This patch will really only matter when we have a workload where
a file is being modified often _and_ there is an active fsnotify
mark on it. Otherwise the checks against *_fsnotify.marks.first
will keep us out of the expensive srcu_read_lock() call.

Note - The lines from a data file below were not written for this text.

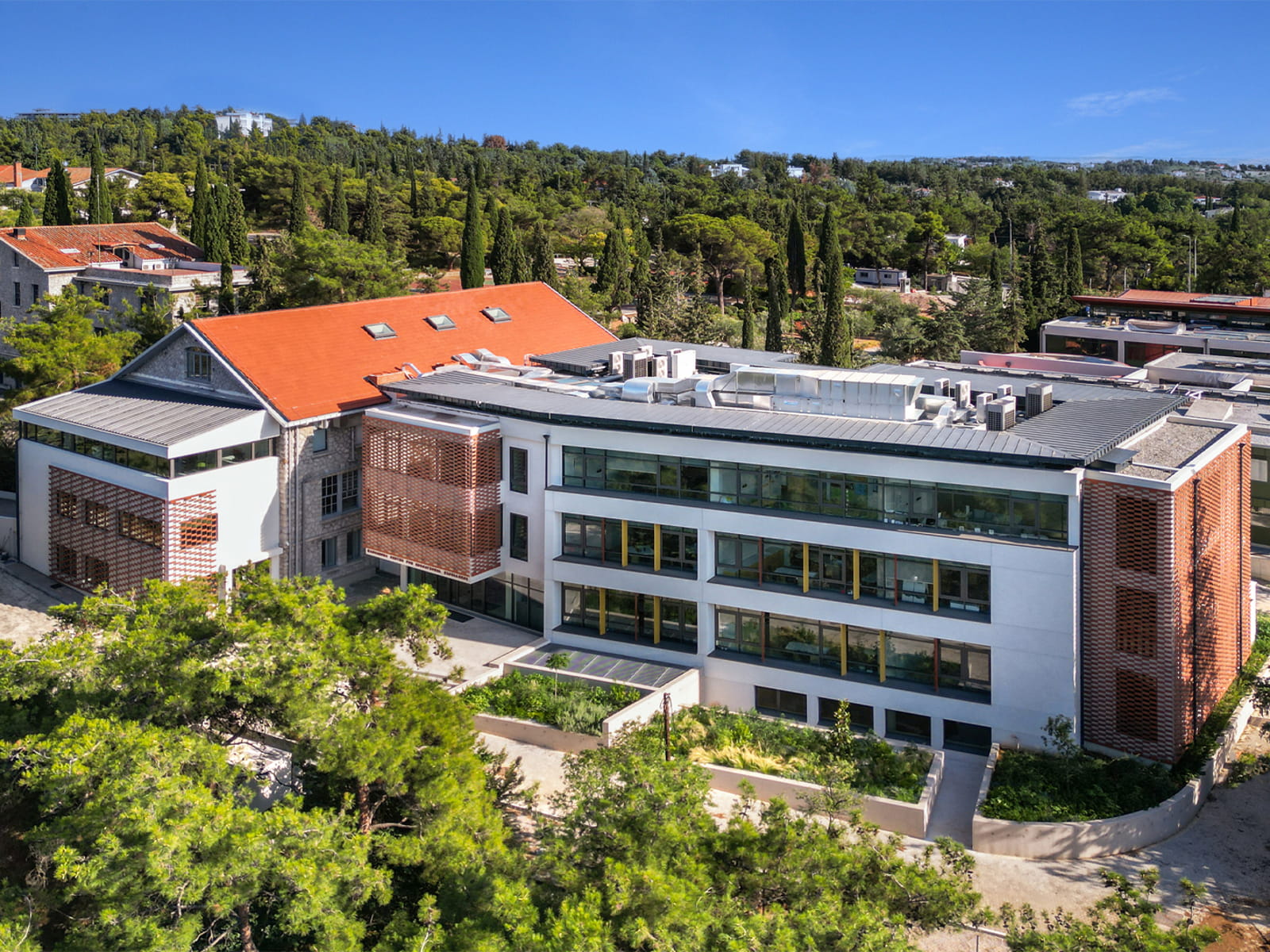 Η αρχιτεκτονική πρόθεση είναι διπλή: από τη μία, μια αναγνωρίσιμη παρουσία μέσα στο campus, και από την άλλη, μια περιβαλλοντική λογική που αξιοποιεί το μικροκλίμα και τα φυσικά στοιχεία ενώ το κέλυφος εξασφαλίζει καλύτερες εσωτερικές συνθήκες και μειωμένες απώλειες. Οι σχεδιαστικές αυτές προθέσεις μεταφράζονται σε χώρους που δεν στηρίζονται στη διακόσμηση για να πείσουν, αλλά στη ρυθμισμένη σχέση φωτός, υλικότητας και ροής.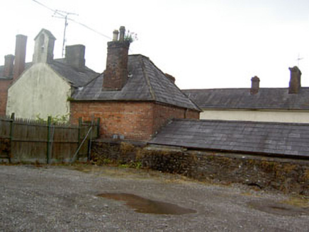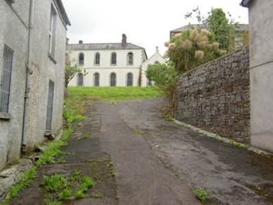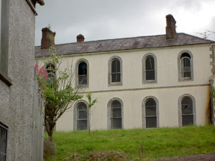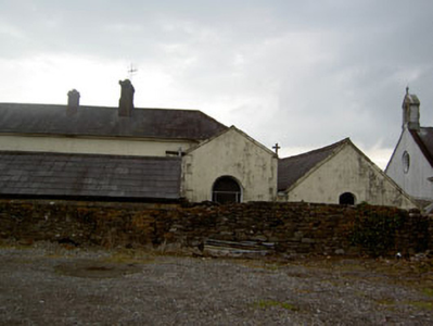 Attached seven-bay two-storey convent with gabled double-height end blocks, built c.1870, now disused. Hipped slate roof with rendered chimneystacks and cast-iron rainwater goods. Rendered walls with ashlar limestone quoins and string course between floors. Moulded eaves course. Round-headed opening with ashlar limestone dressings, having one-over-one pane timber sliding sash windows to first floor and two-over-one pane windows to ground floor.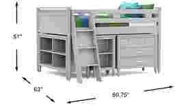 The ultimate collection for your color obsession is finally here with the Modern Colors full low loft bed. Constructed from poplar solids in light gray finish, each piece balances ultra-sleek craftsmanship with easygoing comfort. Featuring a full bed that sits lower to the ground than a traditional loft, this piece features a ladder that affixes to the side of the frame for three easy steps up and three easy steps down. The coordinating loft chest has three drawers crafted with front French dovetail joints and ball bearing, side mounted glides. Soar through study time with the coordinating caster desk that can be wheeled out and around at a moment's notice. The desk even has a couple cubbies that are perfect for textbooks or homework supplies. A matching 52-inch bookcase can shelve books, comics, magazines, decor and more. The hardware is finished in brushed nickel but brushed gold knobs and pulls are also included with purchase. Mattress and foundation (if required) sold separately. This product requires a bunkie board (sold separately).
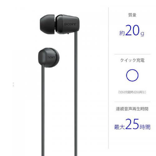 ソニー SONY ブルートゥースイヤホン ブラック リモコン・マイク対応/防滴&ネックバンド/Bluetooth WI-C100-BZ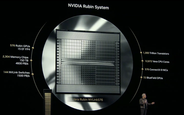 具体而言,采用Blackwell Ultra架构的芯片包括GB300 NVL72等。Blackwell NVL72的算力(FLOPS)是GB200 NVL72的1.5倍,该架构还有1.5倍更快的存储和2倍更大的带宽。Rubin NVL144将有更大算力、更大带宽和更大内存,搭载HBM4内存。Rubin Ultra NVL576将搭载HBM4e内存,算力是GB300 NVL72的14倍,内存速度是8倍。随着架构迭代,黄仁勋表示, AI工厂的算力成本将得到相应降低。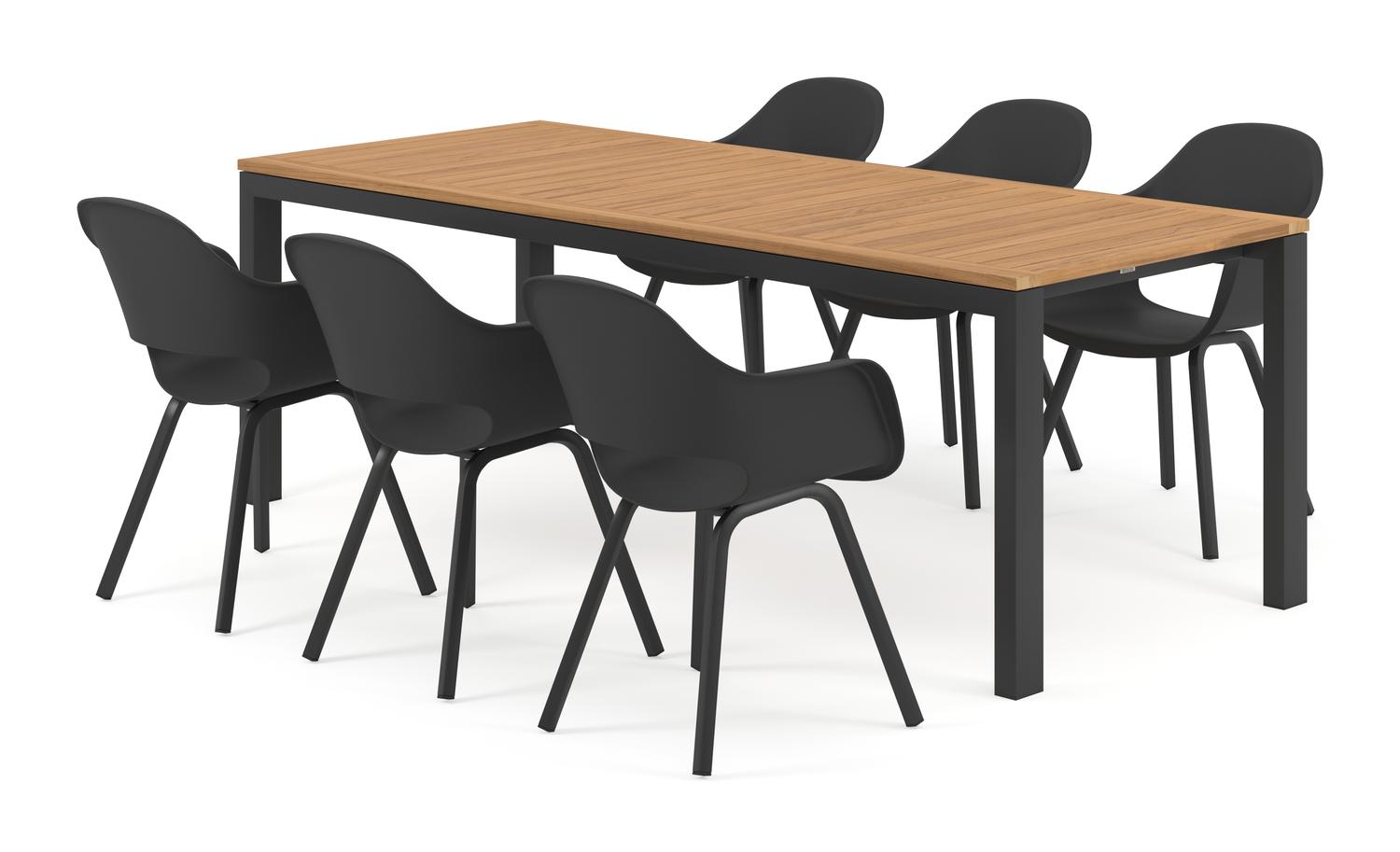 De Trente tuinset in zwart aluminium en teak tafelblad met 6 Artena tuinstoelen is van het merk Bristol Essentials en is hier verkrijgbaar in de kleur zwart/naturel.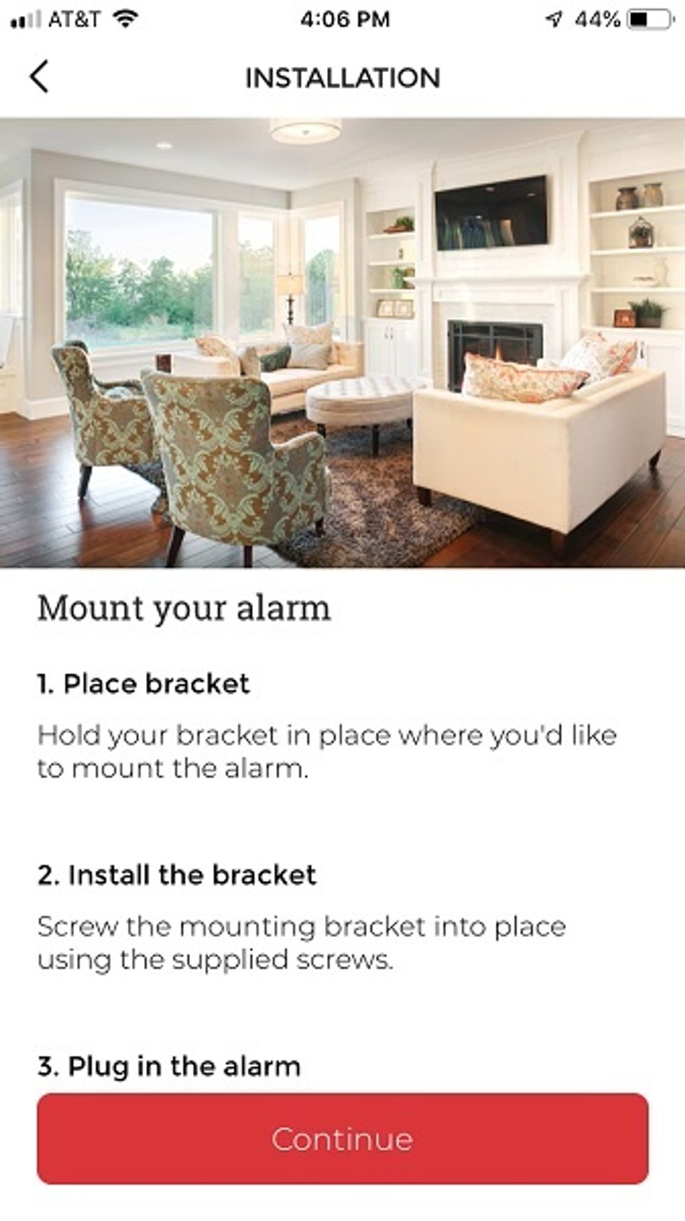 Once the wires are connected, place the alarm over the mounting bracket and twist in place. Once securely tightened, turn the power on and a blue light will display and a voice command will alert you that it's beginning to pair your device. Follow the instructions in the app to get your alarm paired to your home Wi-Fi and Apple HomeKit.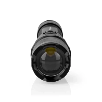 POWERFUL ADJUSTABLE BEAM - Rechargeable Nedis LED torch with focus beam from small spot to wide high beam delivering up to 1000 lumens and 110 metres range for versatile lighting ROBUST ALUMINIUM ALLOY HOUSING - Durable metal body with hidden in-body USB-C port allows convenient charging of included 18650 Li-ion battery for reliable outdoor use INTUITIVE DUAL SWITCH CONTROL - Large tact switch for on/off and small tact switch to toggle brightness levels (100%, 40%, 10%) plus strobe function for emergency signalling WATER RESISTANT IPX4 RATING - Protected against splashing water from any angle making it ideal for camping, fishing, and outdoor adventures in varied weather LONG LASTING RECHARGEABLE BATTERY - Integrated 3.7 V / 2.2 Ah lithium-ion battery supports up to 4 hours burn time with power indicator showing battery status via 4 blue LEDs
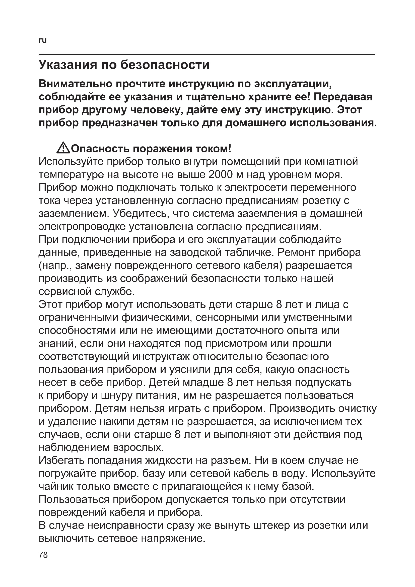 Указания по безопасности Внимательно прочтите инструкцию по эксплуатации, соблюдайте ее указания и тщательно храните ее! Передавая прибор другому человеку, дайте ему эту инструкцию. Этот прибор предназначен только для домашнего использования. WОпасность поражения током! Используйте прибор только внутри помещений при комнатной температуре на высоте не выше 2000 м над уровнем моря. Прибор можно подключать только к электросети переменного тока через установленную согласно предписаниям розетку с заземлением. Убедитесь, что система заземления в домашней электропроводке установлена согласно предписаниям. При подключении прибора и его эксплуатации соблюдайте данные, приведенные на заводской табличке. Ремонт прибора (напр., замену поврежденного сетевого кабеля) разрешается производить из соображений безопасности только нашей сервисной службе. Этот прибор могут использовать дети старше 8 лет и лица с ограниченными физическими, сенсорными или умственными способностями или не имеющими достаточного опыта или знаний, если они находятся под присмотром или прошли соответствующий инструктаж относительно безопасного пользования прибором и уяснили для себя, какую опасность несет в себе прибор. Детей младше 8 лет нельзя подпускать к прибору и шнуру питания, им не разрешается пользоваться прибором. Детям нельзя играть с прибором. Производить очистку и удаление накипи детям не разрешается, за исключением тех случаев, если они старше 8 лет и выполняют эти действия под наблюдением взрослых. Избегать попадания жидкости на разъем. Ни в коем случае не погружайте прибор, базу или сетевой кабель в воду. Используйте чайник только вместе с прилагающейся к нему базой. Пользоваться прибором допускается только при отсутствии повреждений кабеля и прибора. В случае неисправности сразу же вынуть штекер из розетки или выключить сетевое напряжение.79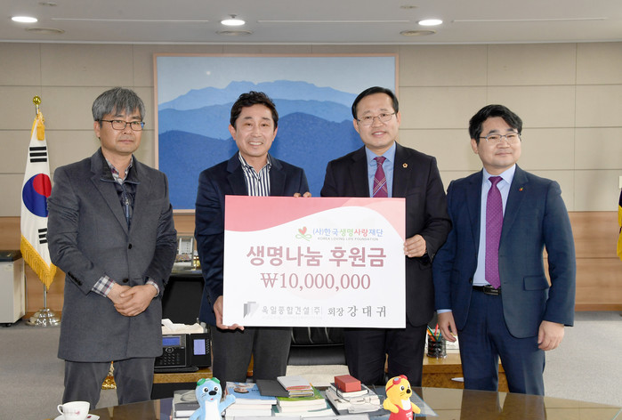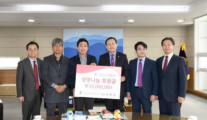 광주시의회에 따르면 ㈜욱일종합건설(회장 강대귀, 대표 김민우)은 김동찬 의장이 후원회장을 맡고 있는 사)한국생명사랑재단(이사장 김동화)에 장기이식 수술지원을 위한 후원금 1천만원을 전달했다.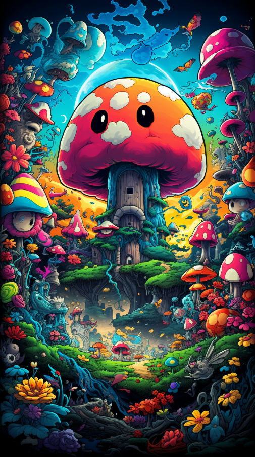 In this whimsical scene, the mushroom landscape takes center stage, captivating your imagination with its vibrant colors and intricate details. Each mushroom seems to hold its secrets, whispering tales of mystery and charm. The mushroom house, nestled on the hill, adds an element of magic and invites you to explore the hidden wonders that lie within.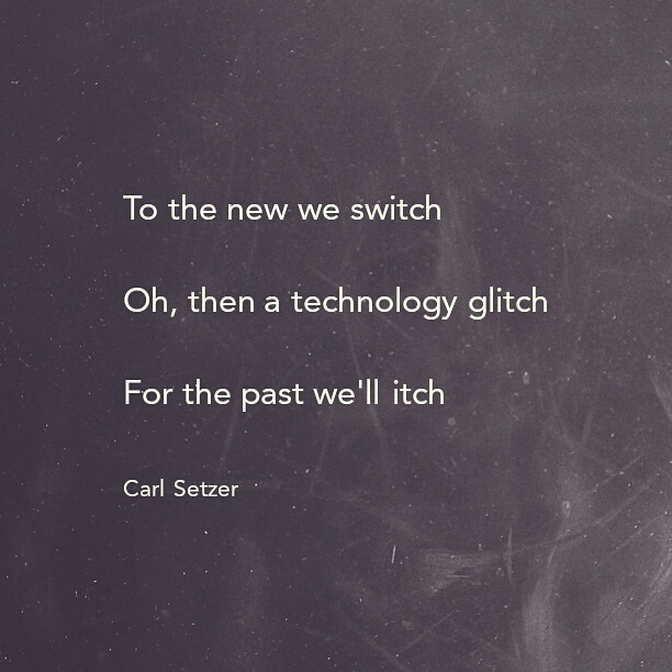 Oh Technology: A Haiku April 30, 2017May 5, 2017 Carl SetzerLeave a comment To the new we switch Oh, then a technology glitch For the past we’ll itch Share this: Click to share on X (Opens in new window) X Click to share on Facebook (Opens in new window) Facebook Click to share on Tumblr (Opens in new window) Tumblr Click to share on Pinterest (Opens in new window) Pinterest Click to share on Reddit (Opens in new window) Reddit Like Loading...
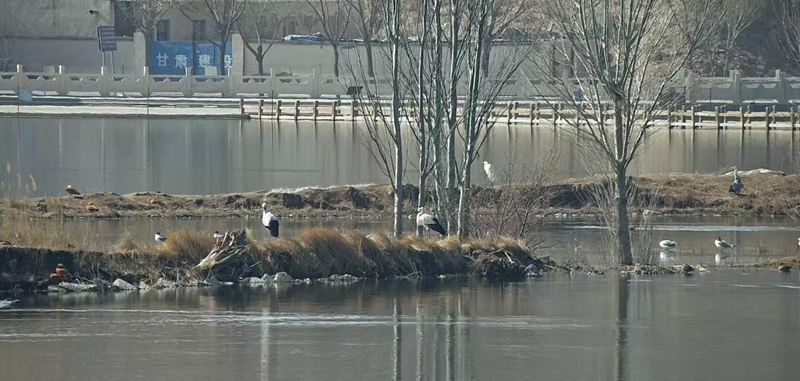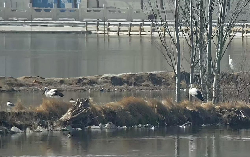近日,山丹县湿地保护站工作人员在祁家店水库进行例行监测时,首次发现两只国家一级保护动物——东方白鹳在此栖息觅食。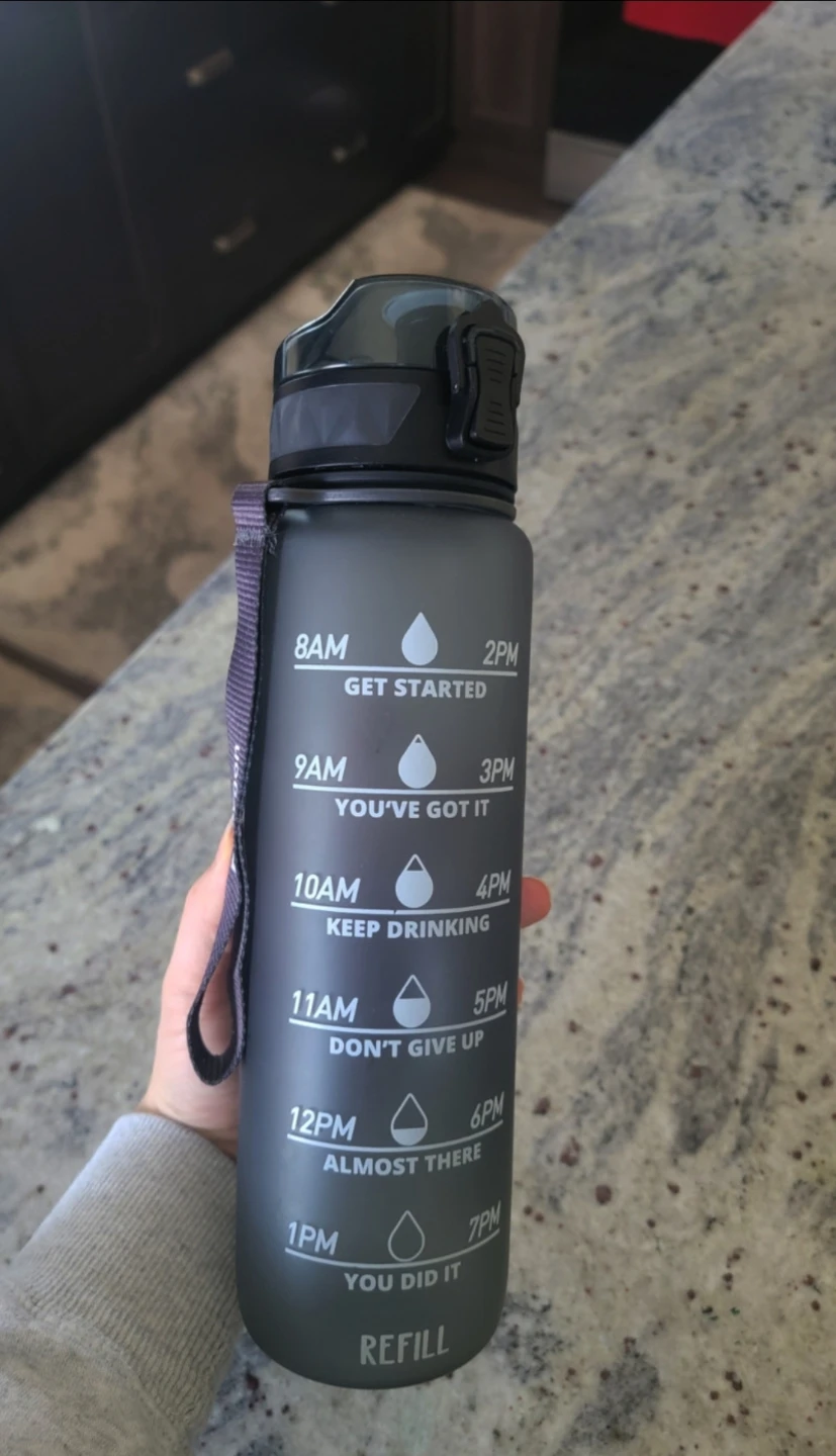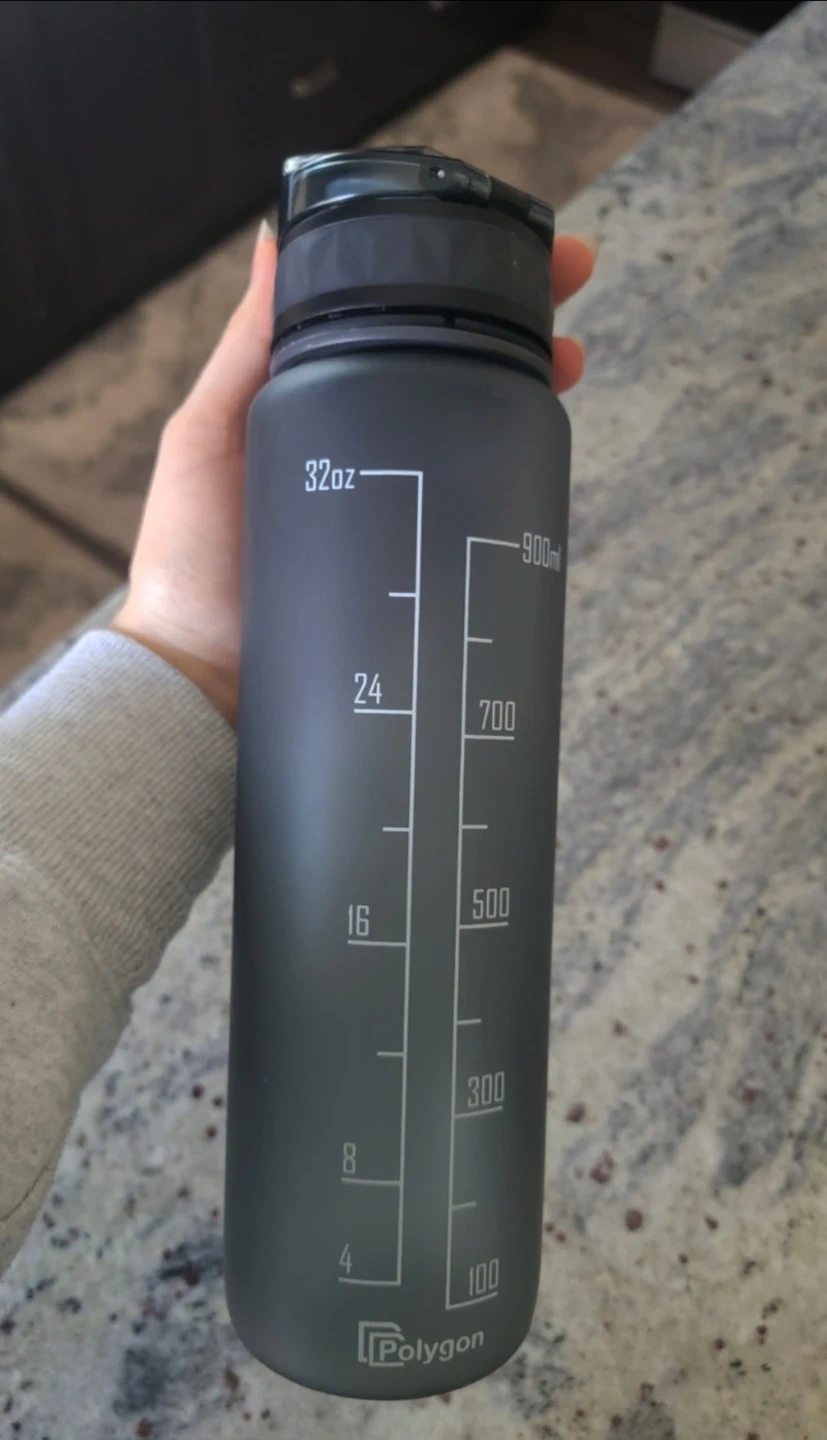 Selling a Polygon water bottle, perfect for staying hydrated! It's a 32oz bottle with time markers to help you track your water intake throughout the day. Great for the gym, hiking, or just everyday use

Cc: Jan Kara <[email protected]>
Cc: Alexander Viro <[email protected]>
Cc: [email protected]
Cc: [email protected]
Cc: Paul E. McKenney <[email protected]>
Cc: Tim Chen <[email protected]>
Cc: Andi Kleen <[email protected]>
Signed-off-by: Dave Hansen <[email protected]>
---

b/fs/notify/fsnotify.c | 44 ++++++++++++++++++++++++++++++++++------
b/fs/notify/mark.c | 8 +++++--
b/include/linux/fsnotify_head.h | 1
3 files changed, 45 insertions(+), 8 deletions(-)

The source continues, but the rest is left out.